Remember Fiona Raby saying something like “It’s not to change the world in our image, but to change ourselves in the world’s image” in her Protofarm 2050 presentation?
This morning, following the Dragonflies’ meeting under the tree, I opted for “A Dash of Irreverent Thought-play in Peeling the Climate Change Onion” presented by Toni Bold. As one of the audience members quipped, climate change is like an onion because it makes you cry.
First, Toni asked all of us to "take off our crowns". When you're full of info, and you think you know something, you put a pourous veil around yourself, she explained. Her approach sought to go beyond the “ists” – economist, scientist, environmentalist, socialist, activist, psychologist, denialist, spiritualist, conformist. And, instead of getting stuck on these different lenses and divulging into a relativist post-modernism, she asked us all to become aware of our own, personal, unmediated experience of climate change.
Whether one can say that there are more thunderstorms in Cape Town is an unmediated awareness is debatable – I mean, they’re WE(A)THER conversations. Nonetheless, I played along, accessing the strongest personal association I have of climate change – the melting North Pole, which I got from an experiential piece of investigative journalism in a recent issue of Intelligent Life. I mean, just pause... Imagine the North Pole melting, imagine there being open ocean across the axis of the earth – like in Pirates of the Caribbean when they travel over the edge of the earth to rescue Jack Sparrow from Davey’s Locker. The seawater, like tears washing up the coasts of so-called civilisation, bathing bikinis in flash floods. It’s simultaneously the most powerful image of absolute sadness that I can muster, while being utterly absurd and unimaginable.
So we all lay down in a circle with toes together like a daisy, each meditating off into our personal evocation. Chomped by ants, and aligned with the greater roundness of the earth. We all floated up like a rubber duck in the bath, slowly, bobbing, as the earth’s surface filled with water. There was a sense of infinite transformation, as though nothing is an end without the beginning of another.

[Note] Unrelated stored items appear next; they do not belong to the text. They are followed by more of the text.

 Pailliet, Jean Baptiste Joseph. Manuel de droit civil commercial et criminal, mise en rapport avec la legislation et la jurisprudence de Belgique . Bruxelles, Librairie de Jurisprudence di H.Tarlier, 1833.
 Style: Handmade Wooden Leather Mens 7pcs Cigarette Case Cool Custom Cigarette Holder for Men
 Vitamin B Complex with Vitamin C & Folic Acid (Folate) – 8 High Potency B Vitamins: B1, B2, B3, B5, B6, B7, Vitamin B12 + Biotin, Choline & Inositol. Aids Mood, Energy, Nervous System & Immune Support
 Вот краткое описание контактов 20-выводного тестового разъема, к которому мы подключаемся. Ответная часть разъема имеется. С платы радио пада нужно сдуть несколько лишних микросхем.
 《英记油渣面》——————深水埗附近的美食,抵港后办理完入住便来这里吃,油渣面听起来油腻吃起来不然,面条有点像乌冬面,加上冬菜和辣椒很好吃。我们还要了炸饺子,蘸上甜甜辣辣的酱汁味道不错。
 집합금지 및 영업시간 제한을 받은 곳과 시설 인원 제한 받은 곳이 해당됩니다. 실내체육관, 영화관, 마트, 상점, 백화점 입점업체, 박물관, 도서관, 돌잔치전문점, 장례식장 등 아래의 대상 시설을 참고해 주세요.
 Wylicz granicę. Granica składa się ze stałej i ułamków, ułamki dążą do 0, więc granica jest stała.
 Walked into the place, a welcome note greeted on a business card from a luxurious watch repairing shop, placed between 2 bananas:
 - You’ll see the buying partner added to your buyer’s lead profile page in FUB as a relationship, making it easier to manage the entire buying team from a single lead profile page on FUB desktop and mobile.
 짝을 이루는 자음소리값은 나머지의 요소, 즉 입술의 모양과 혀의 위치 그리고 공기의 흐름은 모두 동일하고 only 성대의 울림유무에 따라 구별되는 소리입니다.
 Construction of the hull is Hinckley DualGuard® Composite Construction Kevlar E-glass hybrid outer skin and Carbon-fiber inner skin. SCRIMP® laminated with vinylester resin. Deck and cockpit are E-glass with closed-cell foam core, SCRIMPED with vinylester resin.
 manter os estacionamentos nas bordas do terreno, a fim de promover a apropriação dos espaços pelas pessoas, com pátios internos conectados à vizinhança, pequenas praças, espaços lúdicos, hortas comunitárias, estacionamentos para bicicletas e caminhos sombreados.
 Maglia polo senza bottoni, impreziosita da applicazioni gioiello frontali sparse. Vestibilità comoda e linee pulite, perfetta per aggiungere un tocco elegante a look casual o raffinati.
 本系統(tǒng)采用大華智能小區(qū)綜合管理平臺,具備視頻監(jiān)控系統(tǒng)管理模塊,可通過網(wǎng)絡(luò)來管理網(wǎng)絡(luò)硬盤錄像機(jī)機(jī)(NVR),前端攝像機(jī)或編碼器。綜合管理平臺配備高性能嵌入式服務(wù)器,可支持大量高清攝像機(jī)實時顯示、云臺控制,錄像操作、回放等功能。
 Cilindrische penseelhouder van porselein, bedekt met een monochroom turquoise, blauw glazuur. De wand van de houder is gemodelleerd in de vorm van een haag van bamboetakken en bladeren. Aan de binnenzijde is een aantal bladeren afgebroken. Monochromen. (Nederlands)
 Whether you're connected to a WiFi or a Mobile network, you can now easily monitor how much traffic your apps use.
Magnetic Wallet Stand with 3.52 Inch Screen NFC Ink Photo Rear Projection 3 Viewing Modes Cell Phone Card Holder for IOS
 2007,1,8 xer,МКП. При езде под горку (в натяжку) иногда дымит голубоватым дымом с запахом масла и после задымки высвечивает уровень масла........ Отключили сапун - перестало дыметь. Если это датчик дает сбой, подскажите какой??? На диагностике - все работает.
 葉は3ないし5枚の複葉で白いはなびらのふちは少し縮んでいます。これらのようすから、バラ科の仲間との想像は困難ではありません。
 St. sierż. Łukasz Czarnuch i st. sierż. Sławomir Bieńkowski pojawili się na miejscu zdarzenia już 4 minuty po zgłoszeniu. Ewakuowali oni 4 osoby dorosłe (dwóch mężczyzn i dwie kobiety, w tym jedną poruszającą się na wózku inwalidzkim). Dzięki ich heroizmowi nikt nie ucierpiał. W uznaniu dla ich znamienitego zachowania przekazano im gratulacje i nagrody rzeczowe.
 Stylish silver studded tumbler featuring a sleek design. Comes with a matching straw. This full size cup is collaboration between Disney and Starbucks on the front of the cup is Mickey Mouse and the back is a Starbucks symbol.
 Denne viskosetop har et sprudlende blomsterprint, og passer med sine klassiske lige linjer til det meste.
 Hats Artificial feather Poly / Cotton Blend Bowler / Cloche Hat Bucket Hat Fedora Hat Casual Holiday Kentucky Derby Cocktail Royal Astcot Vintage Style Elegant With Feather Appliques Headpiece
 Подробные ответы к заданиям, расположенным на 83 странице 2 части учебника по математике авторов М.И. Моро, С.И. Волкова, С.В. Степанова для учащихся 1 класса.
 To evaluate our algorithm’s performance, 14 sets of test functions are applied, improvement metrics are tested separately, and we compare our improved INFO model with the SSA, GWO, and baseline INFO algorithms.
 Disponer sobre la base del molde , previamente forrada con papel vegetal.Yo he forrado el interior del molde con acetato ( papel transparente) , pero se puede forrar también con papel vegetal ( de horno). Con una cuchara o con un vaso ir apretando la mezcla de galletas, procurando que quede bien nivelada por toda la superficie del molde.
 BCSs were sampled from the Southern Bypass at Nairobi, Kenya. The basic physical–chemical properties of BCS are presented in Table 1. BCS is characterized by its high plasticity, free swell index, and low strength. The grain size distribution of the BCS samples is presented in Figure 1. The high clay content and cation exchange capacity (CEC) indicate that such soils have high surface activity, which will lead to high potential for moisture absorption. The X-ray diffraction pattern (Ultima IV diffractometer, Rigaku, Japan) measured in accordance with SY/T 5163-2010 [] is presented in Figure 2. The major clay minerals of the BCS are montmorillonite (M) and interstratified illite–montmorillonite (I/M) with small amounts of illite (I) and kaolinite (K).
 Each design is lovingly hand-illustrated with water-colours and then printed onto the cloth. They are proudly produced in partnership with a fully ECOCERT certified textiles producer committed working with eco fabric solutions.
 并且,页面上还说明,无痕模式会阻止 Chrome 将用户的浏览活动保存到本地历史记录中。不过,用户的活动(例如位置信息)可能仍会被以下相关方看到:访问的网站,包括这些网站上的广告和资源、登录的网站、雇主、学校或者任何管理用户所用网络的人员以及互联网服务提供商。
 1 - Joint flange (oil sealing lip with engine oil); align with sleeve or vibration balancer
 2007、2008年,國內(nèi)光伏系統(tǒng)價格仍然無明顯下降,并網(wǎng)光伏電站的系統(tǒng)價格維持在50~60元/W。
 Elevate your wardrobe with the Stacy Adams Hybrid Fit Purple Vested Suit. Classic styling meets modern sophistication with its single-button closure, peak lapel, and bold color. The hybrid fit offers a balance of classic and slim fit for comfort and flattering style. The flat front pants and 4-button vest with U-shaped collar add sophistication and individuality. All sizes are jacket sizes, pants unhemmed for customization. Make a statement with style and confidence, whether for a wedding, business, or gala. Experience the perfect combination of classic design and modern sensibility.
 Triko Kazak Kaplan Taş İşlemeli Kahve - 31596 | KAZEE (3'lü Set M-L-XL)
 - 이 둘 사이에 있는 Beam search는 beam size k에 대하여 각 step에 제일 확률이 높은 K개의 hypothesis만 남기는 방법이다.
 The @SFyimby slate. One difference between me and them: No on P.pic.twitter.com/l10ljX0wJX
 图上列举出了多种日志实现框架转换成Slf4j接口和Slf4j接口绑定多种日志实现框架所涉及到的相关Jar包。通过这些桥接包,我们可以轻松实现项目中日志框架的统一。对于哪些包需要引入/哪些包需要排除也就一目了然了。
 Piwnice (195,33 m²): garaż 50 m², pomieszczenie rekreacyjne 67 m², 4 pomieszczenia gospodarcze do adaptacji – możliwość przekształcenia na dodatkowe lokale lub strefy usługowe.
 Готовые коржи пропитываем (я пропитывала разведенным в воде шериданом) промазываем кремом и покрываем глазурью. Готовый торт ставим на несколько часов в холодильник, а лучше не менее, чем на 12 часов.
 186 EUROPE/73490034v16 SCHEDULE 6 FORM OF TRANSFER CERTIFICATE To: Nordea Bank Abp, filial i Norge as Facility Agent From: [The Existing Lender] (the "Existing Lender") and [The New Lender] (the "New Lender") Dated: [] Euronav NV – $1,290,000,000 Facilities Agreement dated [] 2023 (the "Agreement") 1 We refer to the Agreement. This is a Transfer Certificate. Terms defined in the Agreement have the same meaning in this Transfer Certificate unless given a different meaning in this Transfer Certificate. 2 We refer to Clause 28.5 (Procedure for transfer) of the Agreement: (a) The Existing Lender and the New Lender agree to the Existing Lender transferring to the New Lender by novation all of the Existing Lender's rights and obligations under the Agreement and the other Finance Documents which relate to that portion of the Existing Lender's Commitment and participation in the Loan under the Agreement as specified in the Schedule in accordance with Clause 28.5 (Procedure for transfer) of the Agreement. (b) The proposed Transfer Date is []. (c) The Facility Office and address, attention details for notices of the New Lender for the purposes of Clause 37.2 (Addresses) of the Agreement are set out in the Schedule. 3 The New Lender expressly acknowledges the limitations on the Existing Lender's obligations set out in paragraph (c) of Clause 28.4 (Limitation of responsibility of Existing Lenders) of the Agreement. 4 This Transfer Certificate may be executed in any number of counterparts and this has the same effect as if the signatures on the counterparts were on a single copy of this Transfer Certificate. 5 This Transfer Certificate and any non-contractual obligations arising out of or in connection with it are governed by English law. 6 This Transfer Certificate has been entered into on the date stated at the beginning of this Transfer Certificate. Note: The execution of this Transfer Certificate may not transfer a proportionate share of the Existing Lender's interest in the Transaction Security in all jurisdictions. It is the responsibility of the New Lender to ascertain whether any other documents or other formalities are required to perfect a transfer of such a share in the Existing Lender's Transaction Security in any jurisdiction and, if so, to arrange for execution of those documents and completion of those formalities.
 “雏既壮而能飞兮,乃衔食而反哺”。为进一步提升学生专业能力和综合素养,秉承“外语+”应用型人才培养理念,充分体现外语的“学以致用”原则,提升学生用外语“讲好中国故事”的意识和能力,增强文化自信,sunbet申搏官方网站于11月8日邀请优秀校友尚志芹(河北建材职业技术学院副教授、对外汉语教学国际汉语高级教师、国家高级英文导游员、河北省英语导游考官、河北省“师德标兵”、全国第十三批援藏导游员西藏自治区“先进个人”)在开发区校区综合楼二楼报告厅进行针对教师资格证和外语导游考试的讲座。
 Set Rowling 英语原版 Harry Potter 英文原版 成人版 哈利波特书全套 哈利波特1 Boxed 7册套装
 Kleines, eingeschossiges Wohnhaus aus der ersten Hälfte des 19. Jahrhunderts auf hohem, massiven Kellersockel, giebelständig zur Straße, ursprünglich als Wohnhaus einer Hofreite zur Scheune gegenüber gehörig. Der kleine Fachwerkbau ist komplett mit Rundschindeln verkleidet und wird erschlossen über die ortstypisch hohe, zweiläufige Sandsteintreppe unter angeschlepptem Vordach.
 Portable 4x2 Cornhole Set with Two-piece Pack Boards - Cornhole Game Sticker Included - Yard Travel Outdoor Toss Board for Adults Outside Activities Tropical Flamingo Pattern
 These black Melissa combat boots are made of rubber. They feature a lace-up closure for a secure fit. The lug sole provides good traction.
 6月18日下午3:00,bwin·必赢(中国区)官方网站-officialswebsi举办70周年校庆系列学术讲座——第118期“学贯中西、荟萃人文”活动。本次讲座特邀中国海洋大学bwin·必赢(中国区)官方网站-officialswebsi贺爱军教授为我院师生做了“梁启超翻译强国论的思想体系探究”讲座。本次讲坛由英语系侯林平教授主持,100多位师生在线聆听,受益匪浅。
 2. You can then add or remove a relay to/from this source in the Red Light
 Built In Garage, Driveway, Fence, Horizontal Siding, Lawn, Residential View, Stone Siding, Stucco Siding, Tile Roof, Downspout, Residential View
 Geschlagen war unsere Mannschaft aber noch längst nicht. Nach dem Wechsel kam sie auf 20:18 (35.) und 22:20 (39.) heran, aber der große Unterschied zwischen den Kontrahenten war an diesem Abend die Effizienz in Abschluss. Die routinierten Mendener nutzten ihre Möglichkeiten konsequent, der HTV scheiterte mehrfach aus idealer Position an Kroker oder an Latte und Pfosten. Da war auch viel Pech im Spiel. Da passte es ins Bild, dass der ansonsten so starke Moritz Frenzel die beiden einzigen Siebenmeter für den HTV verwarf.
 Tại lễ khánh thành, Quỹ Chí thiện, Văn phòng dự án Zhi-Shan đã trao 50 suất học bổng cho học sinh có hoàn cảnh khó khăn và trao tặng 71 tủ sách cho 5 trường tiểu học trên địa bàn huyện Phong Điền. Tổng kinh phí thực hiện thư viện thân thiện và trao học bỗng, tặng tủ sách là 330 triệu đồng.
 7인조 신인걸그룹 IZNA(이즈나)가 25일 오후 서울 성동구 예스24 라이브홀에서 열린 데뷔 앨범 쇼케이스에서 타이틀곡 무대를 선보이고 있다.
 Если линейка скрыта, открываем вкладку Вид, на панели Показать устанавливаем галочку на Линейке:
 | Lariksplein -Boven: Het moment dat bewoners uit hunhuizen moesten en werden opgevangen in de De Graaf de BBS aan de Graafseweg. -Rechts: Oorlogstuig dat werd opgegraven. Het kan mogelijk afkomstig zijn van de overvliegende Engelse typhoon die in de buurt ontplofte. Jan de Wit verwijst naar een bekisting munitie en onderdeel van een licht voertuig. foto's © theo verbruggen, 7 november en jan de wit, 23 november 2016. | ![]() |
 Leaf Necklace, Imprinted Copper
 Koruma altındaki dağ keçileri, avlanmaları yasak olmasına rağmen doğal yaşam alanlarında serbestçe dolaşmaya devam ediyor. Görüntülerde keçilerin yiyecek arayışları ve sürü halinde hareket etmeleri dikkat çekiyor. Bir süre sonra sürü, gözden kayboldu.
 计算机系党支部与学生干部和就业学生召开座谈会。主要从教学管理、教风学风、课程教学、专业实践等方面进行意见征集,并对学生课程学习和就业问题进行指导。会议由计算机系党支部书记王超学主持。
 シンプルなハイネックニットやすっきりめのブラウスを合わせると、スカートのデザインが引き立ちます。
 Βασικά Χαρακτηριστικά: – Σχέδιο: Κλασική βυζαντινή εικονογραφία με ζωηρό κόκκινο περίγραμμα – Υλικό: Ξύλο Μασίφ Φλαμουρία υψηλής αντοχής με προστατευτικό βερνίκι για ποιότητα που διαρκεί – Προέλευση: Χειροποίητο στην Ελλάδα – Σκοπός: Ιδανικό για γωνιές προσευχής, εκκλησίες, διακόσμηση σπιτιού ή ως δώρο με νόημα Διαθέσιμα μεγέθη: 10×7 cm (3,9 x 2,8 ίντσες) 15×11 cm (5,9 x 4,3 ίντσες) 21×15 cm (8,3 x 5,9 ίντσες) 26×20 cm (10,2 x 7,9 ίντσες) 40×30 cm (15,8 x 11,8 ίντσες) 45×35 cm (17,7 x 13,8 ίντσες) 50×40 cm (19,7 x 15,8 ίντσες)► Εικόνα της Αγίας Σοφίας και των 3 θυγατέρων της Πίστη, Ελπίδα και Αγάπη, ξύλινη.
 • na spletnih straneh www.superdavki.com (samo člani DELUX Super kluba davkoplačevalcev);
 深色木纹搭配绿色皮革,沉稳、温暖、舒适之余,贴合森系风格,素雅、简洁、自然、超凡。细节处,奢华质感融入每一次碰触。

I felt it. I guess that was what Peter Willis was saying – feel it, don’t think it. But I must admit, I’m struggling with that. It feels as though people here exist in a different dimension – what comes out of their mouths... Sometimes it puts me in awe, other times I wonder if they’re playing Exquisite Corpse with their sentences and other times I think they’re sniggering behind my back. They think philosophy is dreams, I think it’s analysis. They think infinite resources are a state of mind, I think it’s a manifestation of economic values to turn to zero when in abundance.
Giving me perspective, was Toni’s quote: “Don’t take a stance, be in the dance.”
But what keeps me in awe... This weird level of spongy consciousness that everyone else seems to have is “designing” the “self”. This is how you crop, kern, 3d-model, prototype and craft... The self. It is, as this morning’s second speaker, Kiki Theo said “alchemy”.
Kiki’s talk was entitled “Green Money: Planting the Seeds of Wealth”. I loved it initially, she completely sucked me in when she said “Money is regarded as this dark dirty thing that we secretly desire”. And was utterly motivational with her conviction that Step 1 is “Belief” (imagine six impossible things before breakfast everyday – thanks Alice) and Step 2 is “Contain” (define the parameters in absolute specifics). But, she weakened her stance as she went along – initially it really was about attracting money, but soon wealth come to represent freedom, contentedness and a whole host of other things. Then it’s just another one of those conversations.
Nonetheless, she had a real clincher at the end from Ben Okri – “Accept no limitation; we have the power of solar systems in our minds”.